Segrè is also part of QB3, a.k.a., the California Institute for Quantitative Biosciences, a state-funded initiative that exists on the UC campuses at Berkeley, San Francisco, and Santa Cruz. QB3 has partnered with the Hub to run the incubator. 

To be sure, the layers of organization and acronyms involved are a little dizzying—UC, QB3, BBH, Bakar Labs—and raise an obvious question: To what extent is the Bakar BioEnginuity Hub even part of UC Berkeley? 

“It is 100 percent under the umbrella of Berkeley,” said Lyons. But, it “has some characteristics that give it a little bit of an outside quality.” One of those characteristics is how the intellectual property will be handled.

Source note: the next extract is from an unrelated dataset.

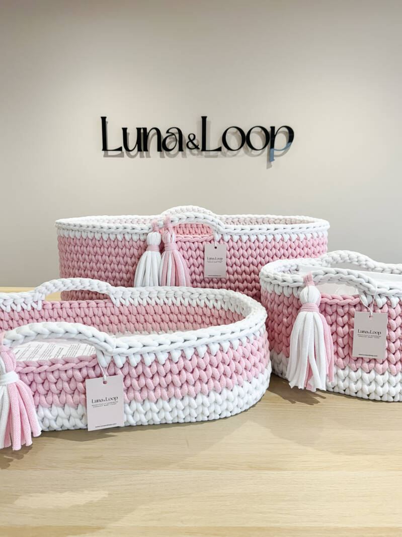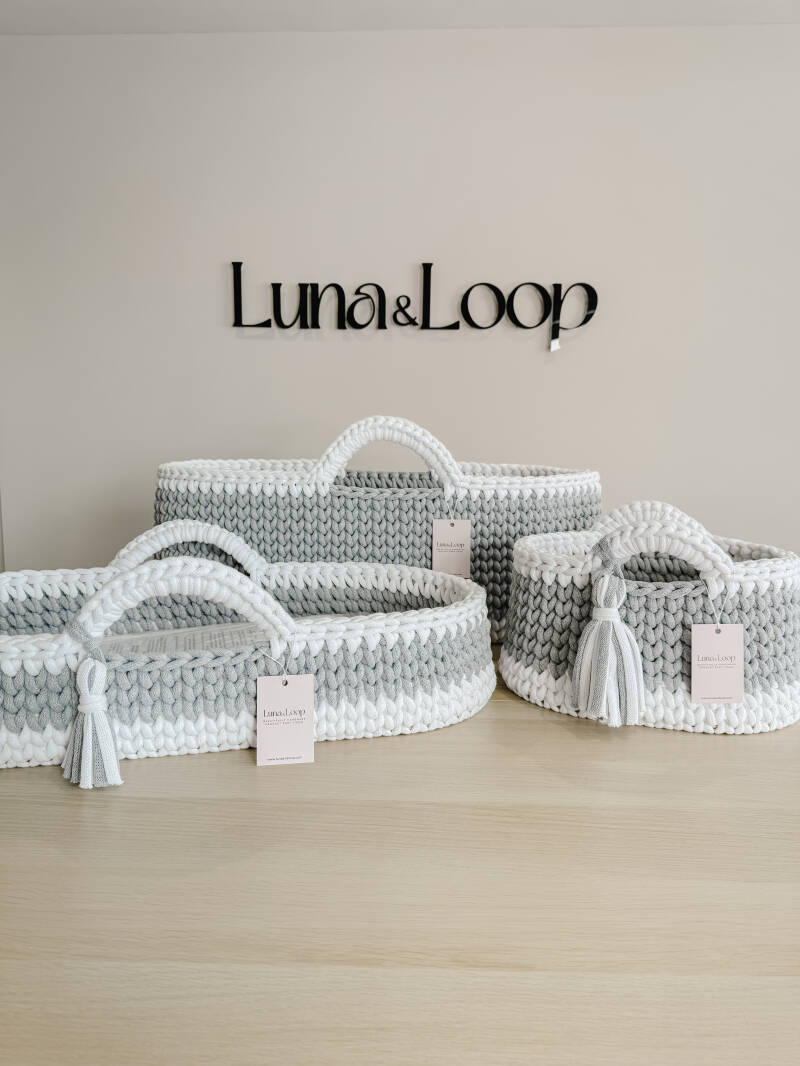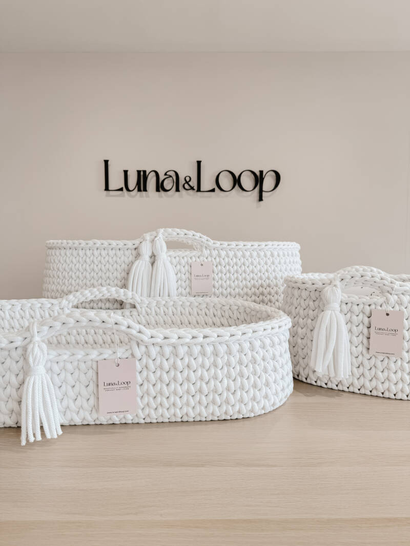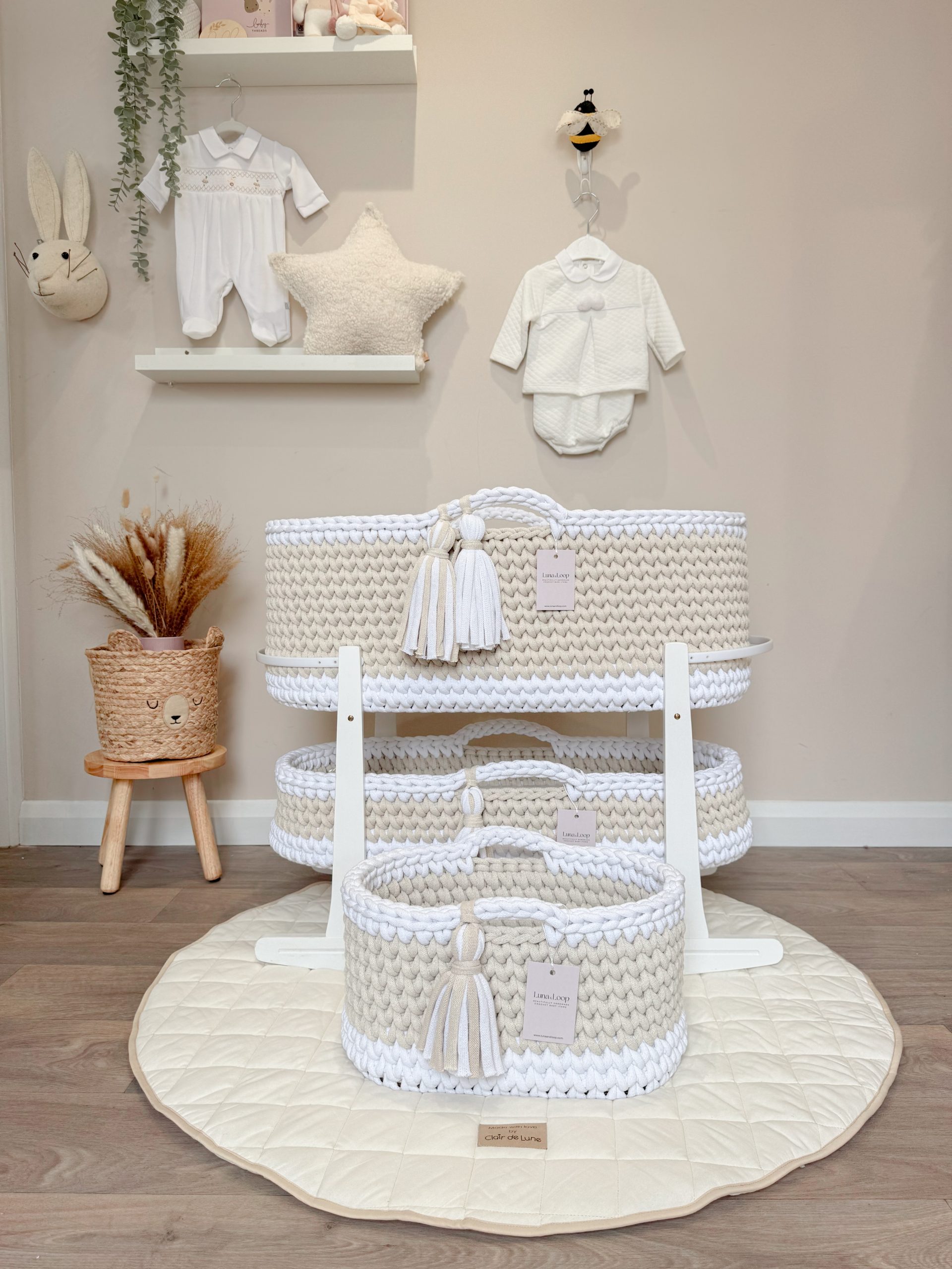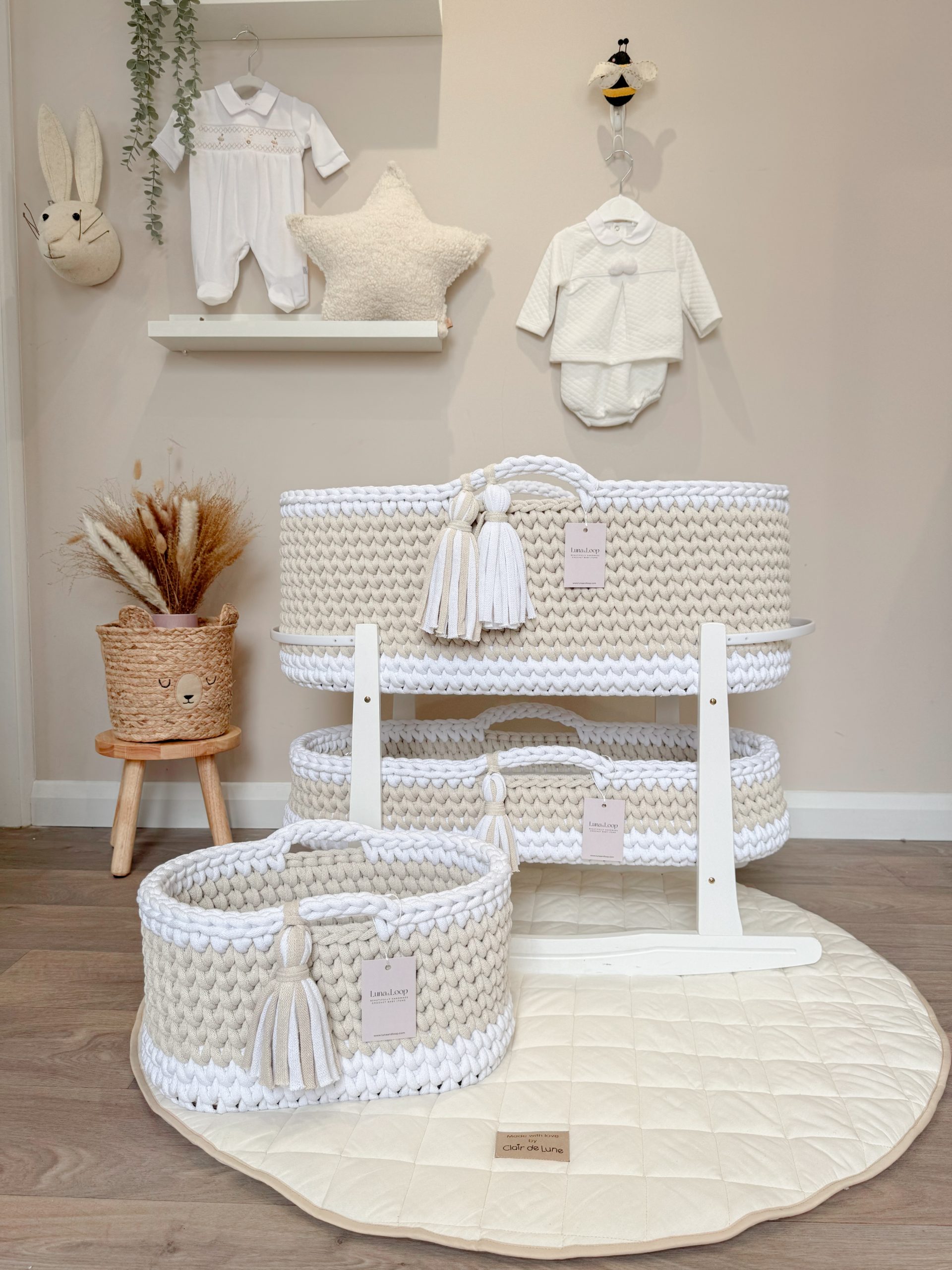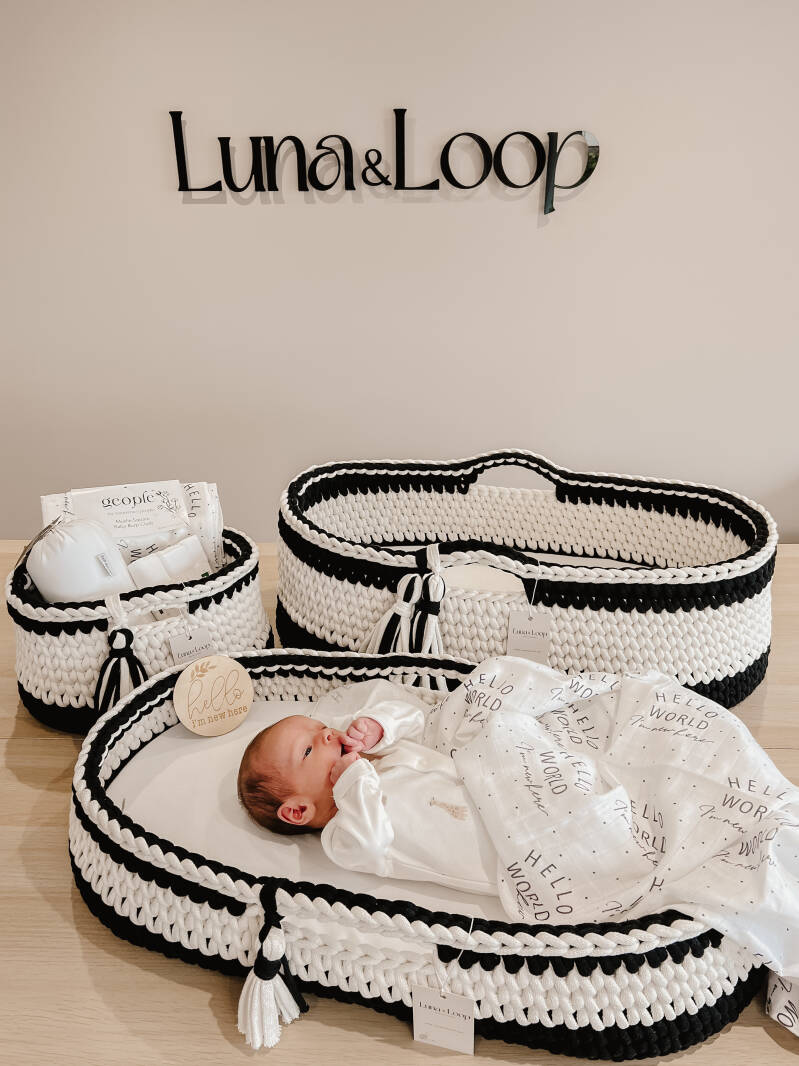 Welcome your little one into the world with our beautifully handcrafted Crochet Moses basket, made from soft, natural recycled cotton yarn. Thoughtfully designed to offer a cosy and safe space for your newborn, it’s a charming blend of traditional craftsmanship and modern sustainability. Certified by OEKO-TEX® Standard 100, you can rest assured no harmful substances have been used in the production or dyeing of the cotton – only the gentlest materials for your baby’s skin.

While work done in Berkeley’s on-campus laboratories is owned by University of California, work that emerges from Bakar Labs will be the companies’ own intellectual property. Any excess revenue that may be earned through Bakar Labs will go toward supporting programs on campus.

This is just the latest in a long line of often controversial public-private partnerships that the University has entered into over the past several years, including high-profile deals with pharmaceutical giant Novartis and BP, the oil company formerly known as British Petroleum. Critics of these deals, including many faculty, worried about academic integrity and the propriety of arrangements that blurred the lines between corporations and the University. 

“My judgment? Blurring boundaries is a good thing,” says Lyons, who insists that a great university needs more flexibility today to fulfill its mission. “This is the modern research university.”